DNA and Life Sciences Genetics
- DNA
"Deoxyribonucleic acid (abbreviated DNA) is the molecule that carries genetic information for the development and functioning of an organism. DNA is made of two linked strands that wind around each other to resemble a twisted ladder -- a shape known as a double helix.
Each strand has a backbone made of alternating sugar (deoxyribose) and phosphate groups. Attached to each sugar is one of four bases: adenine (A), cytosine (C), guanine (G) or thymine (T).
The two strands are connected by chemical bonds between the bases: adenine bonds with thymine, and cytosine bonds with guanine. The sequence of the bases along DNA’s backbone encodes biological information, such as the instructions for making a protein or RNA molecule." -- [NIH]

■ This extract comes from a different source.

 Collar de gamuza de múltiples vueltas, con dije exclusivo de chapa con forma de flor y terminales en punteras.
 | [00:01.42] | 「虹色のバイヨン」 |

- Genetics and Inheritance
Genetics is basically the study of heredity, especially the mechanism of heredity transmission, and changes in genetic characteristics between similar or related organisms. Some branches of genetics include behavioral genetics, classical genetics, cytogenetics, molecular genetics, developmental genetics, and population genetics.
Genes are passed on to offspring in both sexual and asexual reproduction, and over time natural selection can accumulate differences between individuals at the population level, a process called evolution.
Inheritance refers to the passing of traits from one generation to another through asexual and sexual reproduction. Gametes are the reproductive cells of an organism, males are sperm and females are eggs. Each of these chromosomes carries 23 of the 46 chromosomes needed to create a complete human genome, and come together to form a fertilized egg.
Several mechanisms for developing genetic variation emerge during each of these stages. Before gametes are formed, homologous chromosomes exchange genetic material, creating a new combination of genes on each chromosome. The homologous chromosomes are then randomly distributed during meiosis to produce gametes, ensuring that each gamete is unique.
- Cytogenetics
The study of chromosomes, which are long strands of DNA and proteins that contain most of the genetic information in cells. Cytogenetics involves testing tissue, blood, or bone marrow samples in the laboratory for chromosomal changes, including breaks, deletions, rearrangements, or extra chromosomes.
- Molecular Genetics
Molecular genetics is the study of heredity and variation at the molecular level. It focuses on the flow and regulation of genetic information between DNA, RNA and proteins. Its subfields are genomics (the study of all nucleotide sequences in an organism's chromosomes, including structural genes, regulatory sequences, and noncoding DNA fragments) and proteomics (the study of proteins involved in DNA replication).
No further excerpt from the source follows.